I went because so many of us have taken a step forward by building our families and not waiting for the rest of the world to catch up to us. Not to make a political statement or to start a fight, but because we are human beings to whom dreaming comes as naturally as breathing, and from dreaming comes loving. And each dream dared, each family forged brings the day closer when those dreams are easier to keep and protect, because they’re deemed just as worthy of keeping and protecting as anyone else’s
Interracial marriage bans now seem obviously invidious. But go back far enough and the consensus flips. At one point, most everyone thought such bans were legitimate. The same is true of segregated schooling and discrimination against women. It is true of just about everything the Supreme Court has held that the equal protection clause prohibits: At one point, all of these practices were seen as legitimate reflections of the world, not as invidious attempts to impose inequality. When the court held these practices unconstitutional, it was neither enforcing a rule that had existed since 1868 nor creating a new rule. It was recognizing that social attitudes had shifted, and with them the understanding about what is reasonable and what is invidious.

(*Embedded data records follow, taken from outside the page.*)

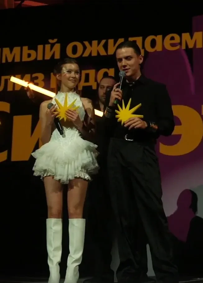 16-летняя актриса вышла под камеры в коротком белом "платье невесты" и с декоративными крылышками за спиной. Её возлюбленный на контрасте был одет в total black. Пара исполнила со сцены свой хит "Силуэт".
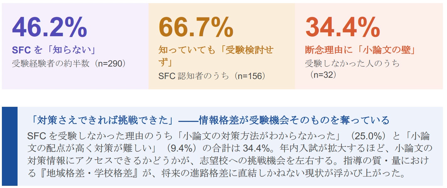 発見③ 小論文の壁が進路を狭める——SFC認知者の3人に2人が受験を断念
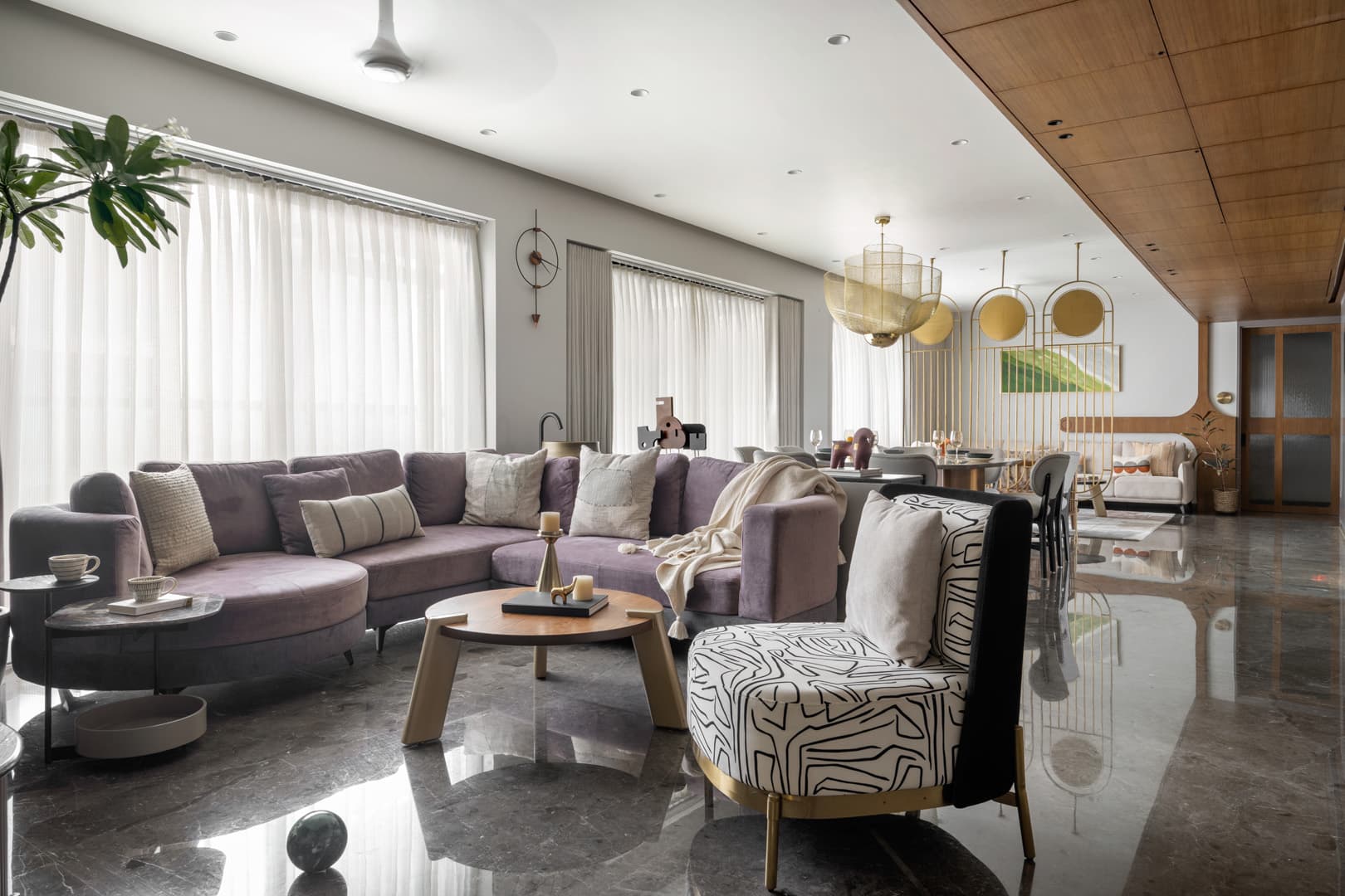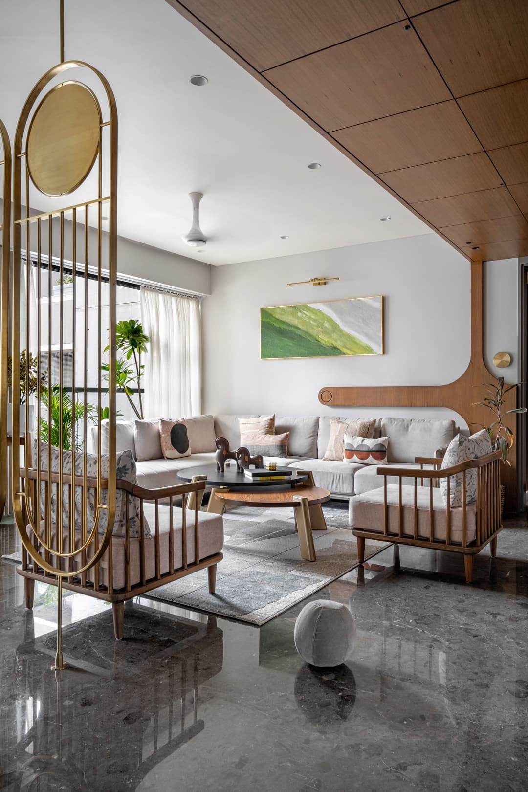 The primary objective was to design a home that exudes the essence of premium living while catering to the varied style preferences and lifestyles of each family member. The challenge was to combine their unique personalities into a cohesive and harmonious space. To achieve this, the design team employed a soothing neutral colour scheme, the warm tones of teak wood, and the rich gleam of brass accents. These elements not only unify the space but also provide a backdrop that allows for the individual tastes of each family member to shine through. Thoughtful personal touches were integrated throughout the home, ensuring that each corner of the apartment tells a story and adds to the overall narrative of elegance and familial harmony.
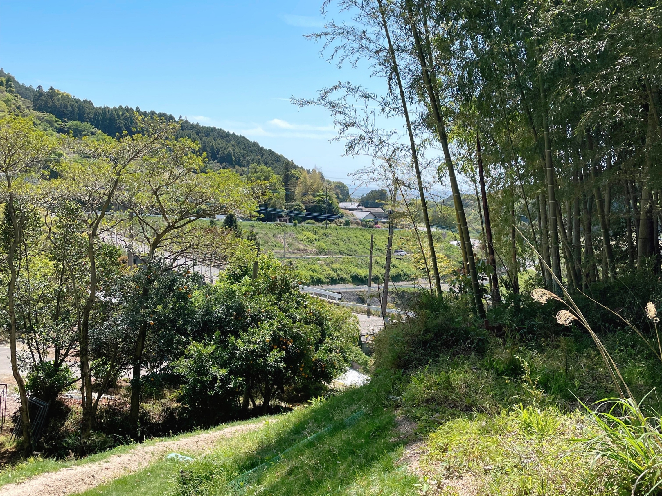 山の緑と空の青が
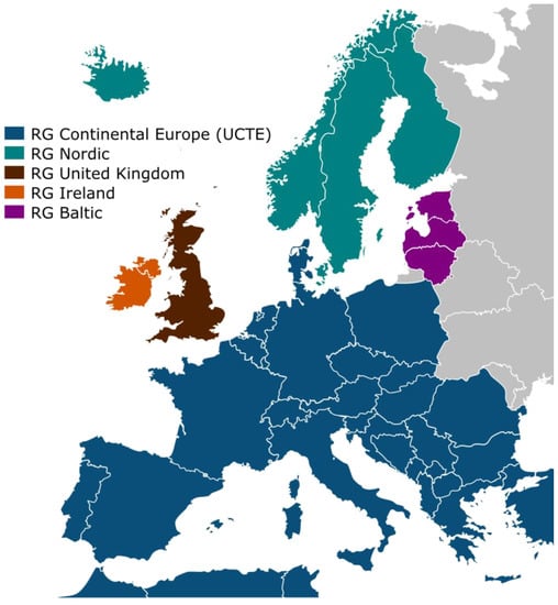 In Figure 2, we can see five regional groups (RGs) in Europe with a synchronous grid. A synchronous wide area network also known as a synchronous zone is a power grid of a regional scale or larger, operating on a synchronized grid frequency and electrically connected in normal system conditions, the strongest is the continental Europe synchronous network (ENTSO-E—the European Network of Transmission System Operators for Electricity) with 667 gigawatts (GW) of generation [45]. ENTSO-E is primarily meant to support optimal management and promote the reliable operation of the system on a European scale and to support development, in a sustainable manner, of the international electricity transmission system in EU. The organization is also responsible for ensuring security of supply and meeting the needs of the internal, unified electricity market [45,46].
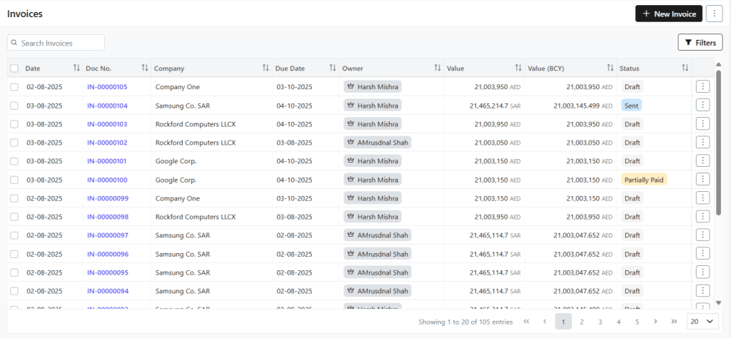 An Invoice lifecycle refers to the complete journey of an invoice—from creation to closure. It starts in the Draft stage, moves to sent and progresses through Unpaid, Partial, Overdue, or Paid stages. Each stage reflects the invoice’s status and helps monitor payments and follow-ups efficiently.
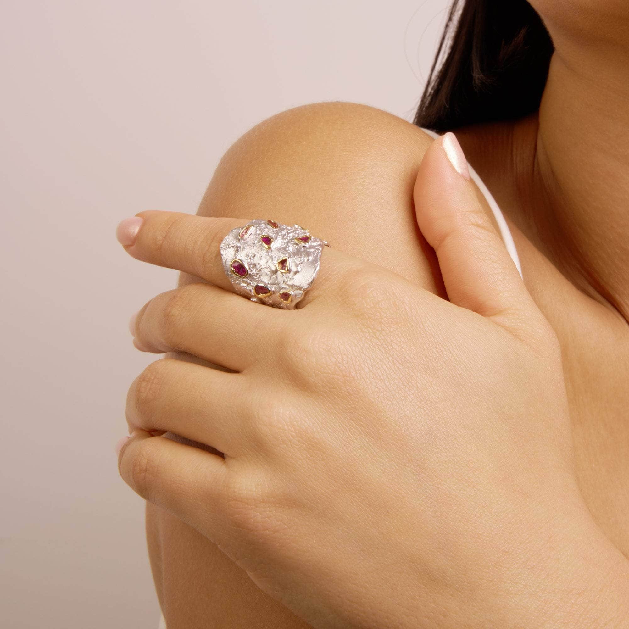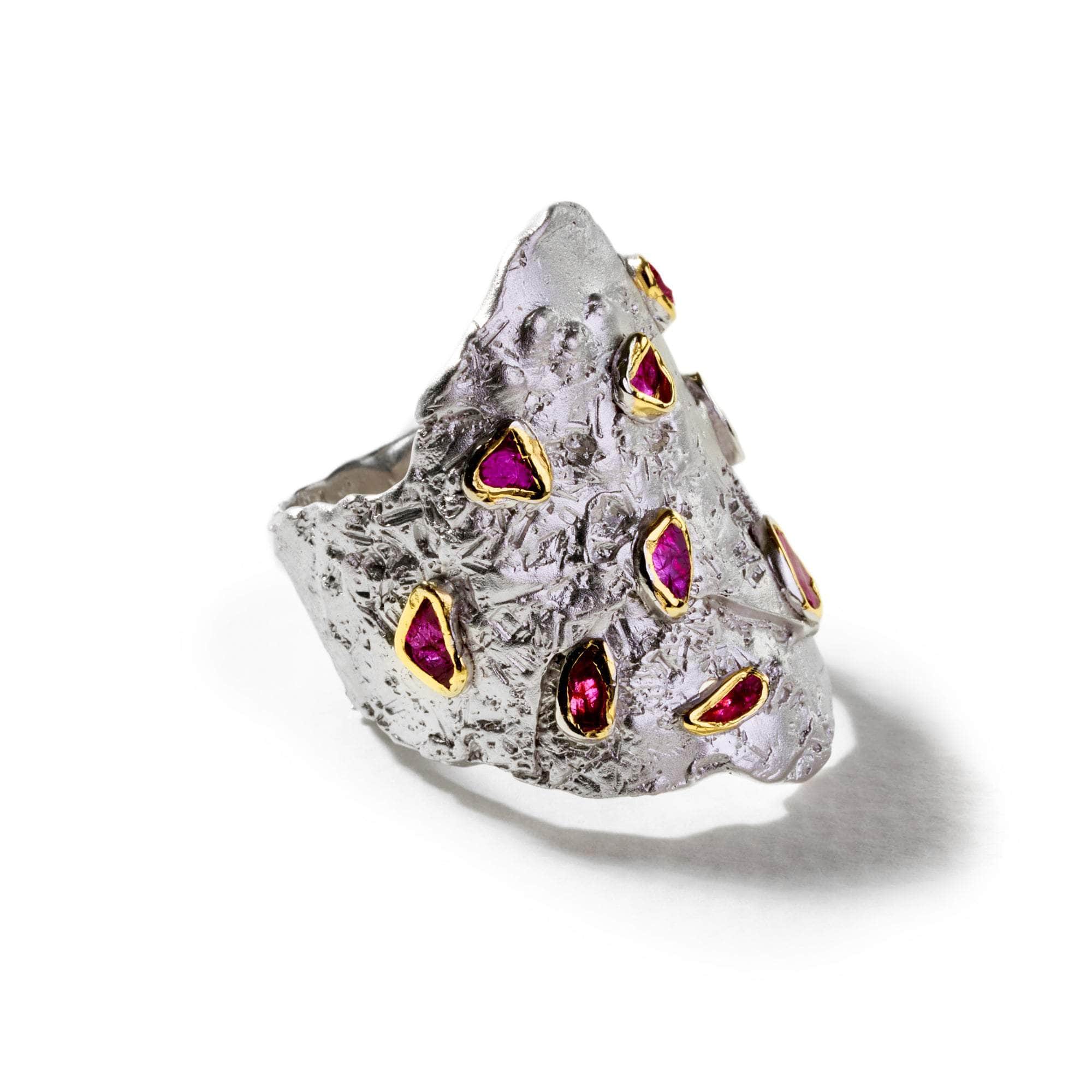 Meet very odd, very German Kabirski design featuring his hallmark organic metal texture, as a testament to chaotic artistry. Adorned with raw, unspoiled ruby crystals set in an unprecedented, unconventional manner, this ring challenges the norms of traditional jewelry. This singular art jewelry piece with no duplicates in existence celebrates the artisan's touch.

This point connects Loving to current social struggles, most notably the debate over same-sex marriage. Opponents decry the “activist judges” in Massachusetts who struck down that state’s same-sex marriage ban and warn that the Supreme Court will someday follow. So it may — but, if it does, responsibility will not lie primarily with judges.
The past few decades have brought a dramatic change in social attitudes about homosexuality. The American Psychiatric Association, which once classified homosexuality as a mental disease, abandoned that position in 1973. Public opinion polls show an increasing acceptance of homosexuality, and state legislatures are beginning to follow. Restricting the benefits of marriage to opposite-sex couples is increasingly seen as invidious, an inequality inflicted for no good reason.
If the trend continues, this view eventually will find expression at the Supreme Court level, just as it did in Loving. This is not judicial activism. It is how we make the Constitution ours.
Neither is the act of making commitments and building families activism, and neither is the desire to protect our families. It’s just the natural progression of our lives; of anyone’s life, really. It’s the way we make every change that ever happens. Dreaming our dreams, and then loving them into existence.
I hope that the Justices, find the courage to do the right thing, right now, instead of asking our families to continue to live with inequality and injustice.